EXTRACTED ENTRIES START
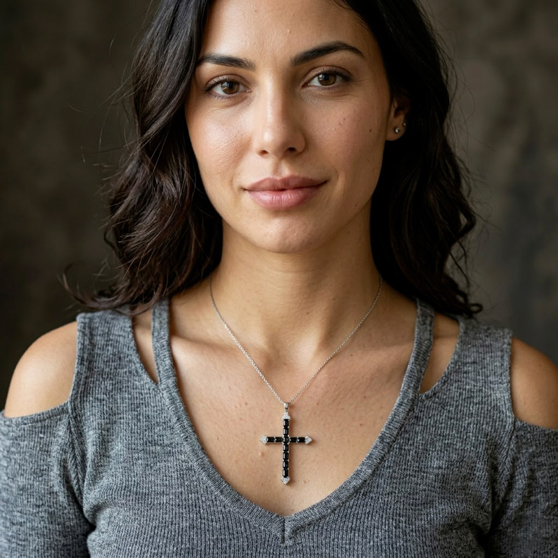 The four trefoil terminals on this cross are not just decorative. In Christian iconography, the budded cross represents the Holy Trinity at each point of the compass, a symbol that dates back to medieval heraldry and early church architecture. The three-lobed shape at each arm tip echoes the fleur-de-lis motif found on Gothic cathedrals across France and England. On this piece, each trefoil cluster is pavé-set with round brilliant-cut cubic zirconia, which creates a bright white accent against the deep black of the spinel channel. The result is a cross that feels rooted in liturgical tradition but styled for modern wear. It pairs naturally with a dark wardrobe, reads well against skin from porcelain to deep brown, and carries a spiritual weight that goes beyond aesthetics. For a baptism gift, a confirmation keepsake, or a daily devotional anchor, the budded silhouette says something specific about the wearer’s relationship with Christian heritage.
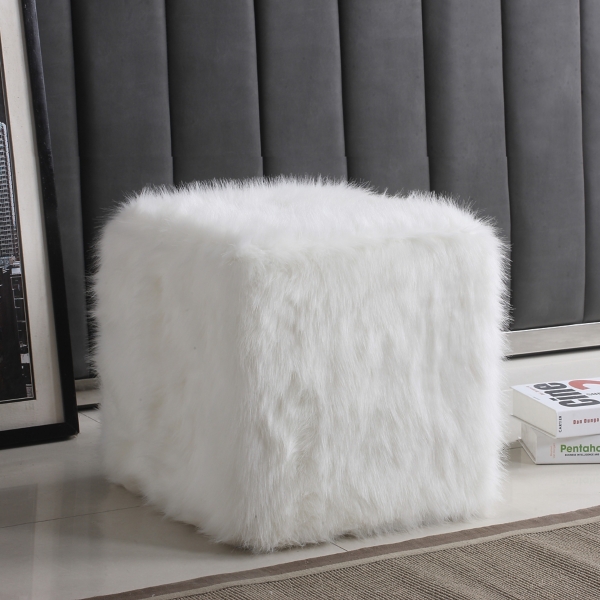 white faux fur ottoman
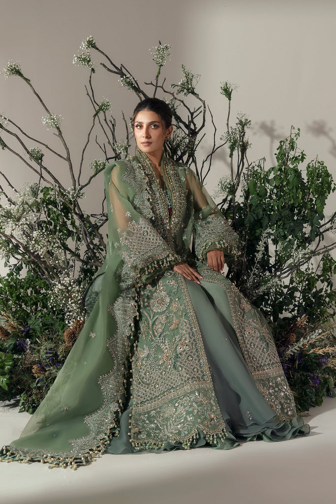 Radiant gold accents glimmer like sunlight filtering through lush palm fronds, with every detail meticulously crafted. Delicate floral vines cascade gracefully along the stole, weaving a narrative of nature's artistry.Exuding supreme elegance, ‘Twilight Teal’ is a definitive statement of sophistication, destined to leave a lasting impression at any festive occasion. Ayeza, embodying grace and allure, enchants all who behold her. Élan's artistry intertwines tradition and modernity into an enduring masterpiece, where timeless charm and luxurious allure converge effortlessly.
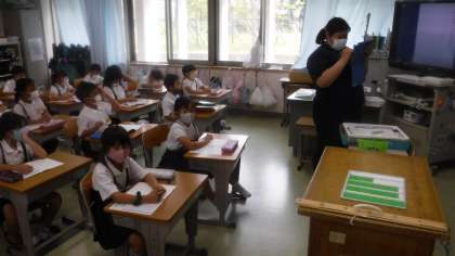 日記の書き方を説明しています。 1年生では相手意識を持つために「せんせいあのね」という文章から書きだします。
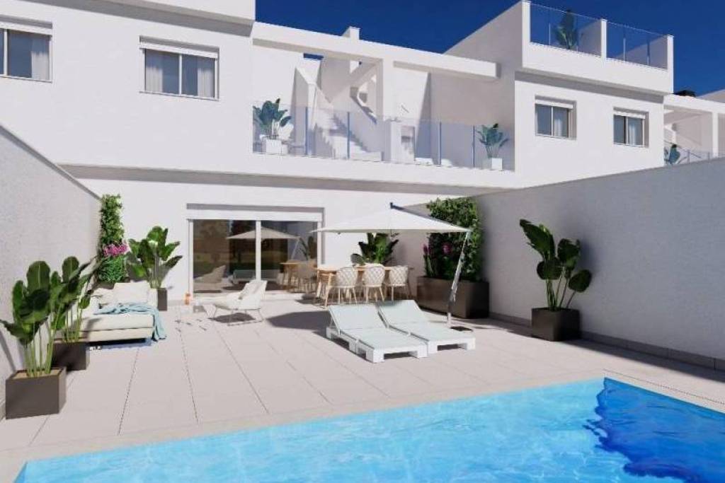 Maisons mitoyennes neuves en première ligne du golf La Serena à Los Alcázares Emplacement privilégié près du golf et de la mer Découvrez un lotissement résidentiel exclusif de 31 maisons mitoyennes neuves situées en première ligne du golf La Serena à Los Alcázares, à seulement 600 m de la Mar Menor. Situé au cœur de la Costa Cálida, cet emplacement privilégié combine golf, plage et style de vie méditerranéen. Avec toutes les commodités à proximité et un excellent accès routier, c'est l'endroit idéal pour les vacances et pour y vivre toute l'année. Maisons modernes avec piscine privée et solarium sur le toit Chaque maison présente un design contemporain élégant et des espaces intérieurs lumineux. Les maisons sont réparties sur trois niveaux plus un solarium sur le toit, offrant un maximum de confort et d'intimité : Sous-sol avec garage privé pour 2 voitures et accès à un patio Rez-de-chaussée avec salon et cuisine ouverts donnant sur un jardin et une piscine privée, 1 chambre et 1 salle de bains Premier étage avec 2 chambres, 1 salle de bains et 2 terrasses Solarium sur le toit avec cuisine d'été, idéal pour se détendre et profiter d'une vue panoramique L'orientation est et ouest garantit un excellent éclairage naturel et une vie en plein air tout au long de la journée. Finitions de haute qualité et confort Ces maisons sont construites selon les normes les plus élevées et offrent des caractéristiques haut de gamme, notamment : Piscine privée Garage en sous-sol pour 2 voitures avec porte motorisée Système d'eau chaude aérothermique Climatisation gainable entièrement installée Cuisine meublée et équipée Salles de bains entièrement équipées avec meubles, miroirs et parois de douche Porte d'entrée sécurisée Vivez entre la mer et le fairway Nichée au cœur d'un paysage méditerranéen luxuriant, cette communauté exclusive offre une vie paisible à proximité du parcours de golf Serena, un parcours 18 trous réputé, entouré par la nature et des lacs tranquilles. Les eaux chaudes et peu profondes de la Mar Menor sont parfaites pour la baignade et la pratique de sports nautiques tels que la voile, le paddle surf et le kayak tout au long de l'année. Distances clés : Plage (Mar Menor) : 600 m La Serena Golf : à côté du complexe Centre de Los Alcázares : 2 km Carthagène : 22 km Ville de Murcie : 40 km Aéroport de Murcie : 30 km Aéroport d'Alicante : 90 km Assurez-vous un style de vie méditerranéen Que vous recherchiez une résidence permanente, une maison de vacances ou un investissement rentable, ces maisons offrent luxe, confort et un style de vie côtier de qualité supérieure. Contactez-nous dès aujourd'hui pour organiser une visite et vous assurer votre nouvelle maison à Los Alcázares.
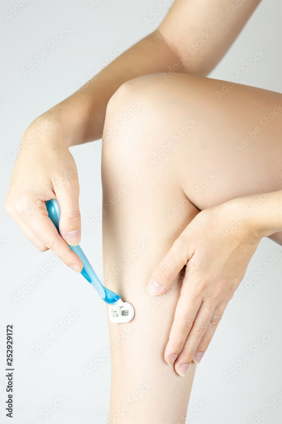 Woman shaving her legs with razor. Space for text. Concept Skin Care and Health. Hair Removal.
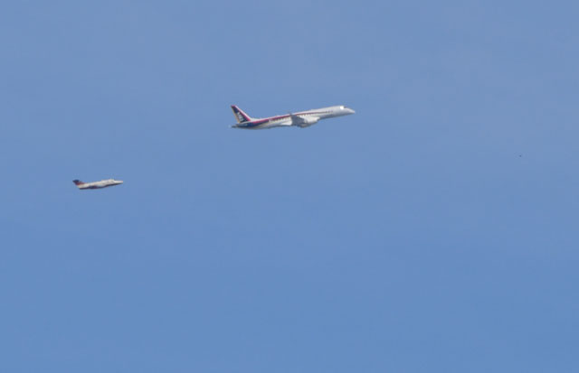 三菱重工の随伴機とともに試験空域へ向かうMRJの飛行試験4号機=16年9月25日 PHOTO: Tadayuki YOSHIKAWA/Aviation Wire
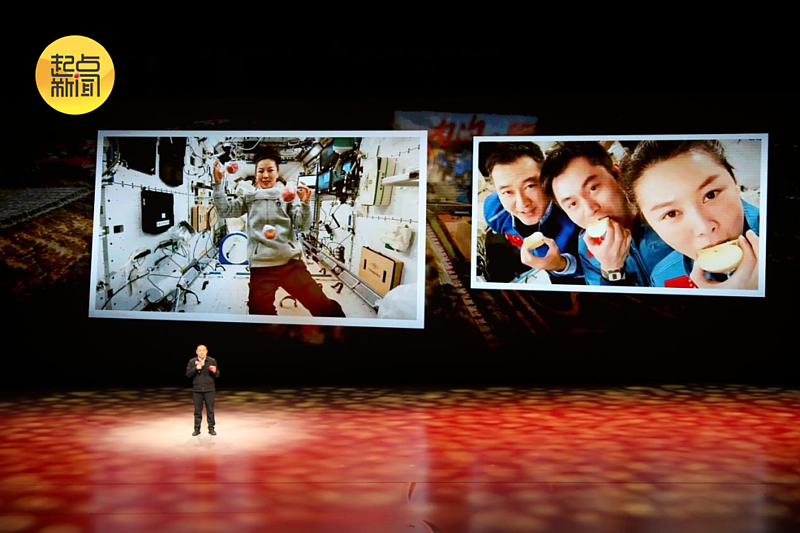 △ 延安市安塞区南沟村原驻村干部张光红分享了延安苹果“飞”上太空的喜讯,神舟二十号乘组在中国空间站向活动送来美好祝愿。
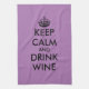 Restez calme et buvez du vin amusant cadeau de serviette de cuisine. Design couleur personnalisé avec typographie moderne et logo couronne. Faites votre propre mème humoristique. Amusant pour la maison, le bureau ou le travail. Exemple violet et noir. Parfait pour les amateurs de vin !
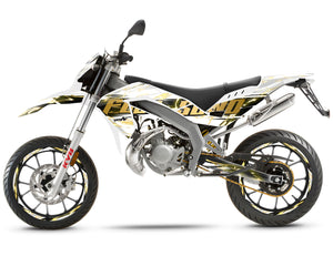 Knock out the competition with the Graphics-kit Haymaker for Aprilia SX and RX 50cc (2006 to 2017). Inspired by raw power, this design offers a striking and massive look that transforms the appearance of your motorcycle. Printed on a thick, quality "armor" vinyl, it is ideal for refreshing aging fairings while providing maximum protection.
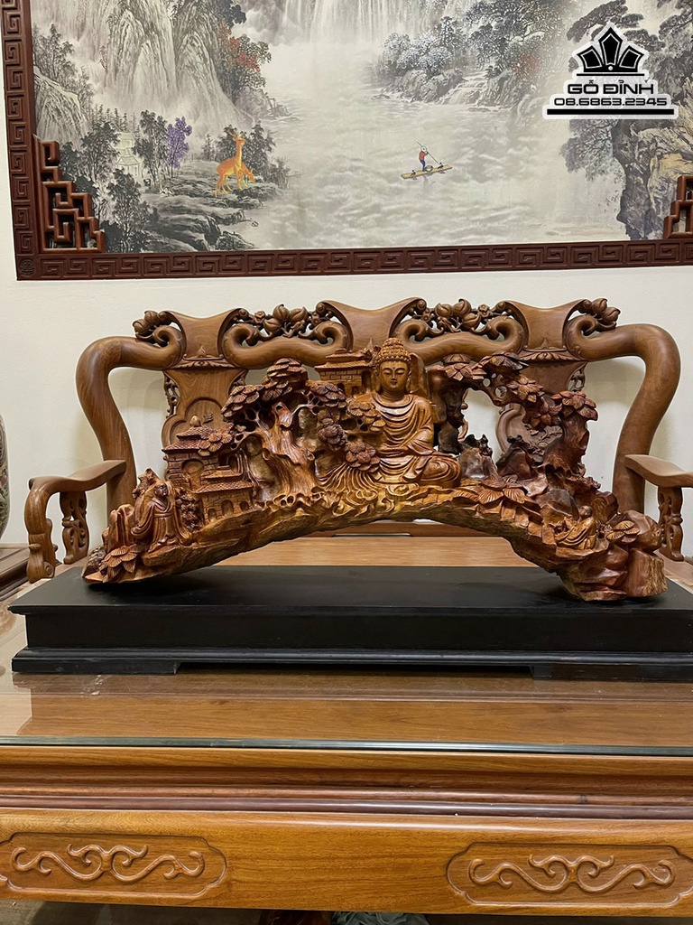 Tượng Nhất Tâm Bái Phật Gỗ Hương Việt Cao 38 Ngang 90 Sâu 20 (cm)
EXTRACTED ENTRIES END
**EXERCISE GOAL:**
Output the data above exactly. Drop every picture.

**RESPONSE TO THIS EXERCISE:**
 The four trefoil terminals on this cross are not just decorative. In Christian iconography, the budded cross represents the Holy Trinity at each point of the compass, a symbol that dates back to medieval heraldry and early church architecture. The three-lobed shape at each arm tip echoes the fleur-de-lis motif found on Gothic cathedrals across France and England. On this piece, each trefoil cluster is pavé-set with round brilliant-cut cubic zirconia, which creates a bright white accent against the deep black of the spinel channel. The result is a cross that feels rooted in liturgical tradition but styled for modern wear. It pairs naturally with a dark wardrobe, reads well against skin from porcelain to deep brown, and carries a spiritual weight that goes beyond aesthetics. For a baptism gift, a confirmation keepsake, or a daily devotional anchor, the budded silhouette says something specific about the wearer’s relationship with Christian heritage.
 white faux fur ottoman
 Radiant gold accents glimmer like sunlight filtering through lush palm fronds, with every detail meticulously crafted. Delicate floral vines cascade gracefully along the stole, weaving a narrative of nature's artistry.Exuding supreme elegance, ‘Twilight Teal’ is a definitive statement of sophistication, destined to leave a lasting impression at any festive occasion. Ayeza, embodying grace and allure, enchants all who behold her. Élan's artistry intertwines tradition and modernity into an enduring masterpiece, where timeless charm and luxurious allure converge effortlessly.
 日記の書き方を説明しています。 1年生では相手意識を持つために「せんせいあのね」という文章から書きだします。
 Maisons mitoyennes neuves en première ligne du golf La Serena à Los Alcázares Emplacement privilégié près du golf et de la mer Découvrez un lotissement résidentiel exclusif de 31 maisons mitoyennes neuves situées en première ligne du golf La Serena à Los Alcázares, à seulement 600 m de la Mar Menor. Situé au cœur de la Costa Cálida, cet emplacement privilégié combine golf, plage et style de vie méditerranéen. Avec toutes les commodités à proximité et un excellent accès routier, c'est l'endroit idéal pour les vacances et pour y vivre toute l'année. Maisons modernes avec piscine privée et solarium sur le toit Chaque maison présente un design contemporain élégant et des espaces intérieurs lumineux. Les maisons sont réparties sur trois niveaux plus un solarium sur le toit, offrant un maximum de confort et d'intimité : Sous-sol avec garage privé pour 2 voitures et accès à un patio Rez-de-chaussée avec salon et cuisine ouverts donnant sur un jardin et une piscine privée, 1 chambre et 1 salle de bains Premier étage avec 2 chambres, 1 salle de bains et 2 terrasses Solarium sur le toit avec cuisine d'été, idéal pour se détendre et profiter d'une vue panoramique L'orientation est et ouest garantit un excellent éclairage naturel et une vie en plein air tout au long de la journée. Finitions de haute qualité et confort Ces maisons sont construites selon les normes les plus élevées et offrent des caractéristiques haut de gamme, notamment : Piscine privée Garage en sous-sol pour 2 voitures avec porte motorisée Système d'eau chaude aérothermique Climatisation gainable entièrement installée Cuisine meublée et équipée Salles de bains entièrement équipées avec meubles, miroirs et parois de douche Porte d'entrée sécurisée Vivez entre la mer et le fairway Nichée au cœur d'un paysage méditerranéen luxuriant, cette communauté exclusive offre une vie paisible à proximité du parcours de golf Serena, un parcours 18 trous réputé, entouré par la nature et des lacs tranquilles. Les eaux chaudes et peu profondes de la Mar Menor sont parfaites pour la baignade et la pratique de sports nautiques tels que la voile, le paddle surf et le kayak tout au long de l'année. Distances clés : Plage (Mar Menor) : 600 m La Serena Golf : à côté du complexe Centre de Los Alcázares : 2 km Carthagène : 22 km Ville de Murcie : 40 km Aéroport de Murcie : 30 km Aéroport d'Alicante : 90 km Assurez-vous un style de vie méditerranéen Que vous recherchiez une résidence permanente, une maison de vacances ou un investissement rentable, ces maisons offrent luxe, confort et un style de vie côtier de qualité supérieure. Contactez-nous dès aujourd'hui pour organiser une visite et vous assurer votre nouvelle maison à Los Alcázares.
 Woman shaving her legs with razor. Space for text. Concept Skin Care and Health. Hair Removal.
 三菱重工の随伴機とともに試験空域へ向かうMRJの飛行試験4号機=16年9月25日 PHOTO: Tadayuki YOSHIKAWA/Aviation Wire
 △ 延安市安塞区南沟村原驻村干部张光红分享了延安苹果“飞”上太空的喜讯,神舟二十号乘组在中国空间站向活动送来美好祝愿。
 Restez calme et buvez du vin amusant cadeau de serviette de cuisine. Design couleur personnalisé avec typographie moderne et logo couronne. Faites votre propre mème humoristique. Amusant pour la maison, le bureau ou le travail. Exemple violet et noir. Parfait pour les amateurs de vin !
 Knock out the competition with the Graphics-kit Haymaker for Aprilia SX and RX 50cc (2006 to 2017). Inspired by raw power, this design offers a striking and massive look that transforms the appearance of your motorcycle. Printed on a thick, quality "armor" vinyl, it is ideal for refreshing aging fairings while providing maximum protection.
 Tượng Nhất Tâm Bái Phật Gỗ Hương Việt Cao 38 Ngang 90 Sâu 20 (cm)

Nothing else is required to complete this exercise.